Считая пространство и время формами человѣческихъ . воззрѣній, категоріи—основными понятіями человѣческаго разума, выражаемое въ сужденіи единство предметовъ плодомъ единства человѣческаго самосознанія, идею Бога — регуляти-вомъ или, по характерному сравненію Тренделенбурга, «жаломъ» человѣческаго познанія, чтобы оно гонялось за такимъ призрачнымъ образомъ, который все болѣе и болѣе уходитъ вдаль, Кантъ вынужденъ былъ и идею цѣли низвести на уровень субъективнаго представленія. Такъ странствуетъ познающій человѣкъ, хотя и< отрѣзанный со всѣхъ сторонъ отъ предметовъ, зато въ закономѣрномъ согласіи съ самимъ собою. Но слѣдуетъ ли удовлетворяться такими часами, которые, при вѣрности хода, согласны только съ самими собою, безотносительно къ солнцу, этимъ великимъ часамъ вселенной? Будь цѣль, подобно времени и пространству, только апріорною формою нашего воззрѣнія, — мы всегда усматривали бы

ее въ явленіяхъ тамъ, гдѣ видимъ и причину ихъ. А, между тѣмъ, далеко не всѣ причинныя отношенія слѣдствія допускаютъ прилагать къ дѣйствію значеніе цѣли. Въ самомъ дѣлѣ, увѣчье ноги есть ли цѣль паденія, боль въ суставахъ составляетъ ли цѣль простуды, испареніе и замерзаніе жидкостей служитъ ли цѣлью уменьшенія или увеличенія теплоты? Разрушеніе есть ли цѣль столкновенія поѣздовъ? Увяданіе растительности есть ли цѣль засухи, или отпаденіе цвѣтовъ—цѣль мороза. Факты рѣшительно противятся признанію цѣли дѣломъ человѣческаго произвола. Далѣе, совершенно несправедливо думать, будто образъ человѣческихъ дѣйствій безразлично и наивно принимается нами, какъ направленный къ извѣстной цѣли, точно всѣ человѣческія дѣйствія совершаются непремѣнно ради какой-нибудь цѣли. Многія и, притомъ, важнѣйшія дѣйствія, правда, происходятъ по извѣстнымъ цѣлямъ, но уже и здѣсь наблюдается большая постепенность въ разсужденіи ясности и самоопредѣленія, съ которыми понимается и объясняется конечный результатъ въ смыслѣ извѣстной цѣли. Многія дѣйствія, несомнѣнно, находятся подъ вліяніемъ слѣдствія, котораго желаетъ человѣкъ, но это слѣдствіе принимается не въ томъ высокомъ значеніи цѣли, которая преслѣдуется съ терпѣніемъ и осмотрительностью.
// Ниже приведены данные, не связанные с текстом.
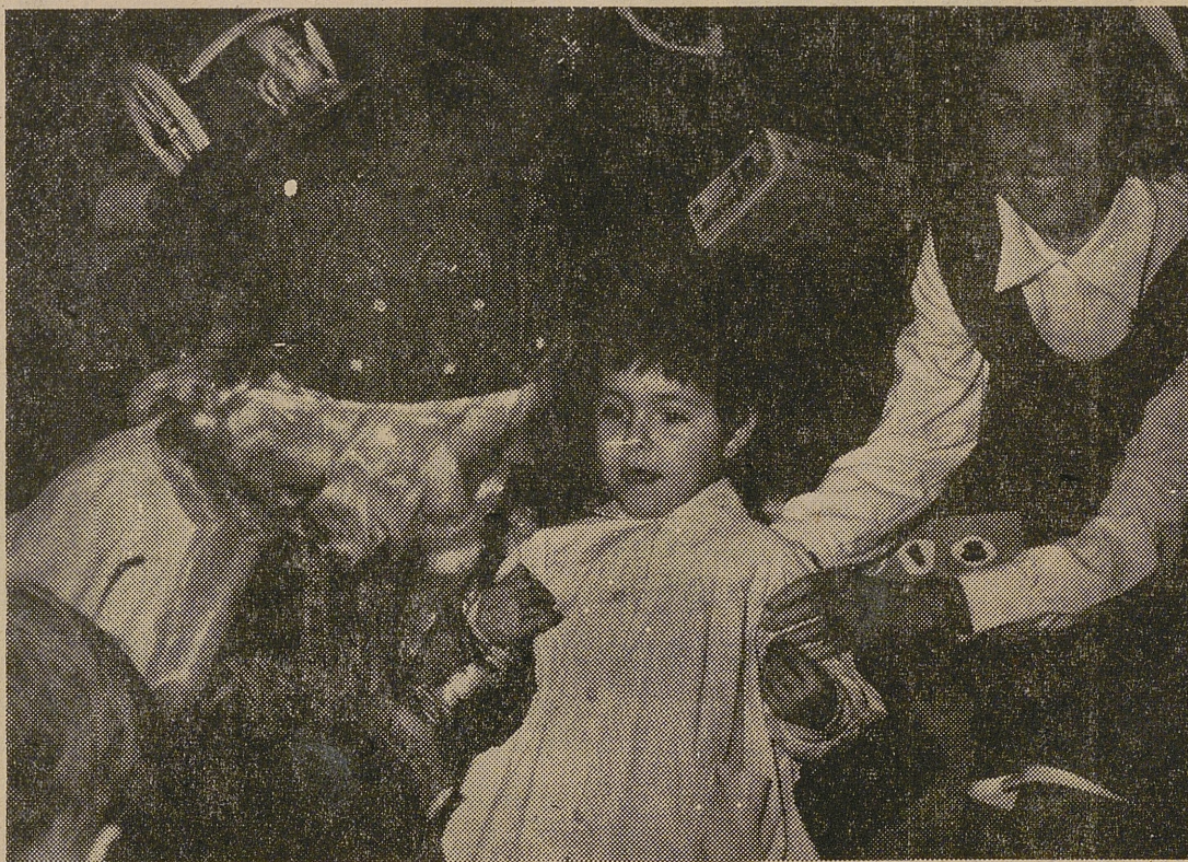
Un momento de la visita de Sus Majestades de Oriente a la Guardería Infantil de Auxilio Social.
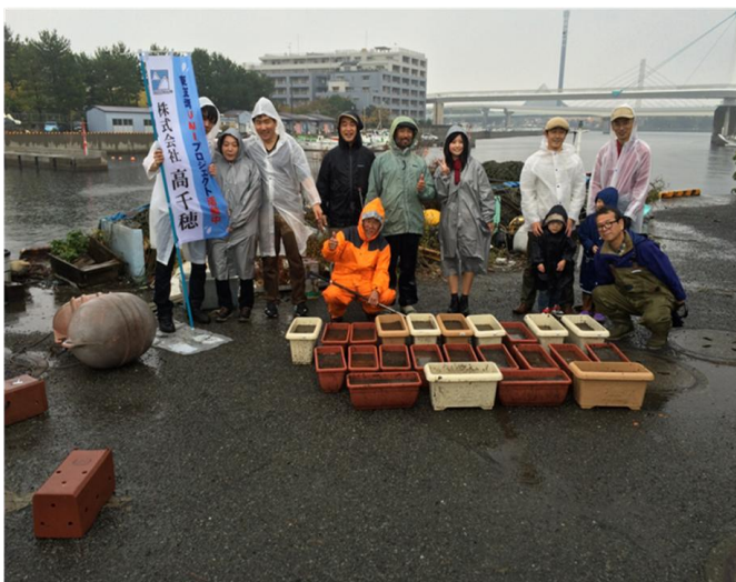
記念撮影:雨の中作業を終える参加者
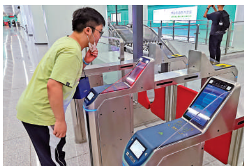
市民體驗「刷臉」進站。

具、通風空調系統做出智能化有效管控，並通過實施樞紐蓄冷項目，自動規劃通風空調最優、最節能的運行方案。
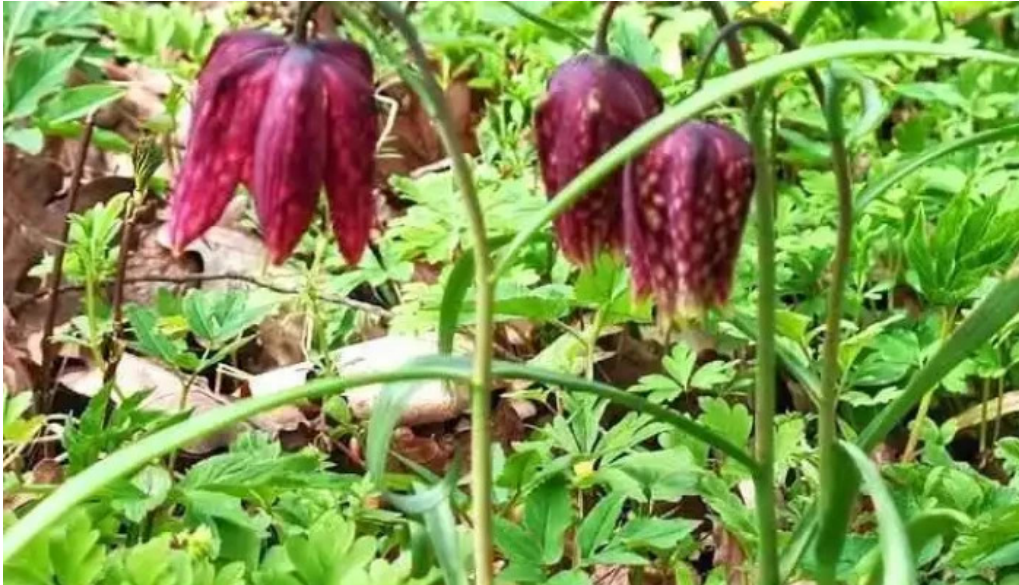
P?durea zamostea lunc? romania
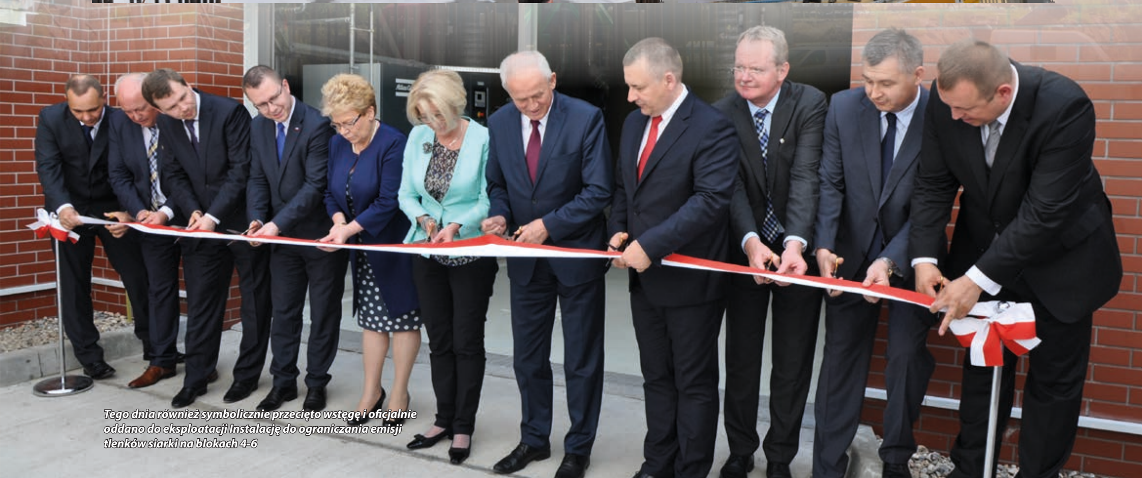
Tego dnia również symbolicznie przecięto wstęgę i oficjalnie oddano do eksploatacji Instalację do ograniczania emisji tlenków siarki na blokach 4-6

Напротивъ, какъ только возникаетъ въ душѣ другая идея, новое удовольствіе или пріобрѣтеніе направляетъ на себя и желаніе. Впрочемъ, это дѣйствіе въ извѣстномъ отношеніи еще находится подъ вліяніемъ цѣли, т. е., представляемаго какъ бы наступающимъ дѣйствія. Но большое, и, къ сожалѣнію, очень большое число человѣческихъ дѣйствій происходитъ почти безъ всякаго соображенія слѣдствій, подъ давленіемъ окружающихъ обстоятельствъ, минутнаго настроенія, бурныхъ страстей, слѣдовательно, изъ односторонней, преобладающей привязанности къ находящимся въ насъ самихъ и внѣ насъ дѣйствующимъ причинамъ. Вѣдь никто не вкушаетъ пищу съ цѣлью отягощенія желудка, никто не разнуздываетъ языка съ цѣлью подвергнуться суду за оскорбленіе личности, никакая держава не объявляетъ войны, чтобы потерпѣть пораженіе. Слѣдовательно, не безразлично принимаемъ мы человѣческія дѣйствія за цѣлесообразныя, и критика должна объяснить то, какимъ образомъ человѣкъ совершенно произвольно изобрѣтаетъ цѣли и, вопреки всеобщаго механизма, примѣняетъ ихъ къ себѣ самому и къ природѣ, причемъ нарочито по-

лагаетъ еще различіе между стремящимися и нестремящимися къ цѣли желаніями и дѣйствіями? Если бы идея цѣли порождалась субъективною слабостью мысли, то всякое явленіе и дѣйствіе должно было бы казаться намъ цѣлесообразнымъ и намѣреннымъ, т. е., антропоморфическимъ, тогда мы не должны были бы дѣлать никакого различія между субъективнымъ и объективнымъ цѣлестремленіемъ, а также и между цѣлесообразными и нецѣлесообразными дѣйствіями. Но факты, какъ мы видѣли, подтверждаютъ противное и, слѣдовательно, нудятъ признать за цѣлью большее по сравненію съ только субъективнымъ значеніе, не говоря уже о томъ, что термины: «субъективное» и «объективное» выражаютъ одни отношенія, а отнюдь не то, что первымъ отрицается другое или, наоборотъ, послѣднимъ первое. Вотъ почему не по легкомыслію плодовитый римско-католическій апологетъ, D-r Р. Schanz, вопросъ о цѣлесообразности считаетъ празднымъ. «Мы должны», говоритъ онъ въ своей «Апологіи христіанства», «обсуждать эмпирическіе факты по законамъ нашего мышленія и, сообразуясь съ этими послѣдними, признать фактическую цѣлесообразность». «Удивительное дѣло»,— восклицаетъ Гѳрбартъ,—«эти люди тратятъ не мало ума и искусства на защиту нелѣпѣйшаго мнѣнія, будто въ ихъ словахъ и въ умѣ могутъ заключаться душа и порядокъ и— отсутствовать въ предметномъ мірѣ»!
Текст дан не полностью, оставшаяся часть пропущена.